Important Risk Warning
This is not financial advice. Cryptocurrency investments are highly volatile. The value of your investment can go down as well as up, and you could lose all the money you invest. Don't invest unless you're prepared to lose all the money you put in.
London — Whether you get your money back after a crypto scam in the UK mostly comes down to one technical question: what kind of payment did you make, and to whom? Get the answer "a bank transfer to a fraudster's UK account," and the rules are firmly on your side. Get the answer "I sent the crypto myself," and they mostly aren't.
That line decides thousands of cases a year, so it's worth understanding precisely — ideally before you need to.
Since 7 October 2024, UK payment firms have been required to reimburse victims of authorised push payment (APP) fraud — cases where you were tricked into sending money yourself. The protection covers payments made through Faster Payments or CHAPS to another UK account, up to £85,000 per claim, with refunds usually due within five working days, though investigations can stretch to 35, per the FCA's consumer guidance.
The bar for refusing is high. Banks can decline only where the customer was grossly negligent — ignoring an explicit, specific scam warning, for instance — and that exception doesn't apply to vulnerable customers at all. There's no requirement that you were foolish-proof; falling for a convincing investment pitch is exactly what the rules exist for.
So far, so good.
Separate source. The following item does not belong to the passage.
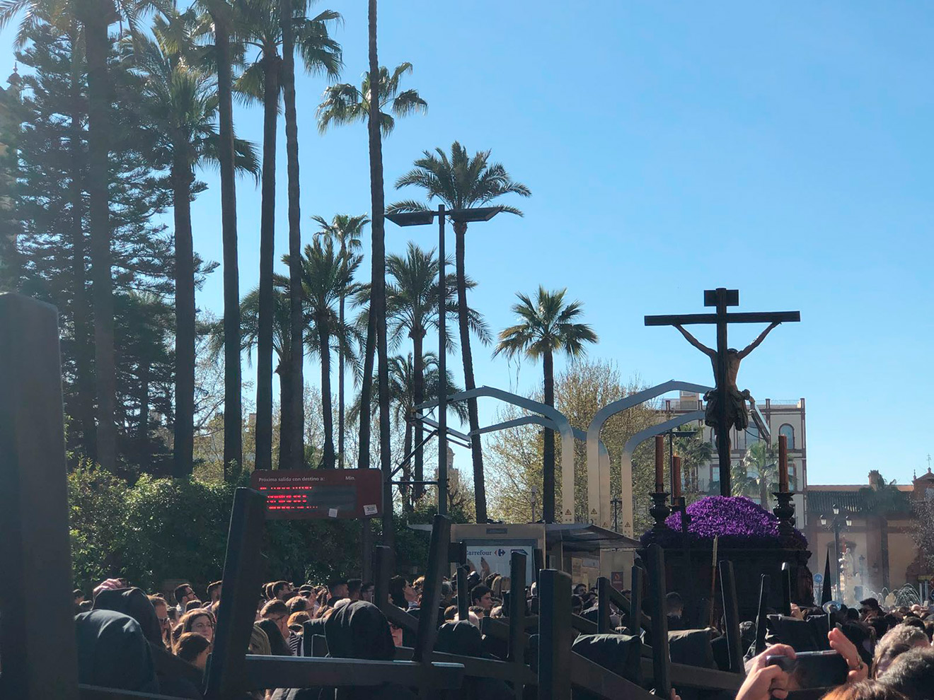 Se sumaba Los Javieres a las 18:20 horas desde Omnium Sanctorum, la única hermandad que acortaba y no alargaba su recorrido en este Martes Santo tan especial, unos cuatro minutos. Dejaba con la Cruz de Guía de La Candelaria, también en la calle y recorriendo los Jardines de Murillo, una de las estampas más bellas del Martes Santo que este año ha sido también una de las más inusuales: la inversión de los recorridos ha hecho que los nazarenos de La Candelaria hayan atravesado la zona a plena luz del día.

Now the crypto-shaped hole.
The reimbursement scheme covers sterling transfers between UK accounts. It does not cover the crypto leg of anything. Send bitcoin from your own wallet to a scammer's address, and no payment firm sits in the middle owing you a refund — the transfer happened on a blockchain, not through Faster Payments, and it's irreversible by design.
The messy middle is where most real cases live. The classic pattern: a scammer persuades you to open an account at a legitimate exchange, you transfer £20,000 of your own money there by bank transfer, buy crypto, then send it on to the fraudster's wallet. Your bank payment went to an account in your own name at a genuine firm — which makes the reimbursement analysis genuinely contested. Some claims succeed on the basis that the bank should have spotted the wider scam pattern and intervened; others fail because the regulated payment, viewed alone, went exactly where you told it to.
Two practical consequences. First, never let anyone tell you a claim is hopeless just because crypto was involved — the route the money took matters more than the asset. Second, paid "crypto recovery" services promising to retrieve stolen coins are overwhelmingly a second scam aimed at people already bleeding. Treat unsolicited recovery offers as fraud until proven otherwise.
Speed changes outcomes here, so the order matters.
Call your bank immediately — use the 159 anti-fraud number — and report the payments as fraud. Funds sometimes get frozen mid-route, and your reimbursement clock starts with the report. Then report to Action Fraud, because a crime reference number strengthens everything that follows. If an exchange account was involved, notify the platform; exchanges can freeze accounts and flag destination wallets faster than people expect. And preserve everything — messages, payment receipts, wallet addresses, the platform names the scammer used. Cases are won and lost on this paper.
If your bank rejects a claim you think the rules cover, escalate in writing and then take it to the Financial Ombudsman Service, which is free, and which has been notably willing to look at whether banks should have intervened in scam patterns rather than judging each payment in isolation.
Recovery rates for money pushed through bank transfers have improved sharply since the 2024 rules. Recovery rates for crypto sent directly to a scammer's wallet remain dismal, reimbursement rules or not. That asymmetry is precisely why fraudsters work so hard to get victims onto the crypto rails quickly — and why your bank throws warnings at exchange transfers.
If you take one thing from this: the moment anyone you've never met asks you to move money into crypto for an "opportunity," "tax payment," "account verification" or "safe account," the conversation is over. Not because crypto is inherently a con — but because at that specific moment, statistically, it is.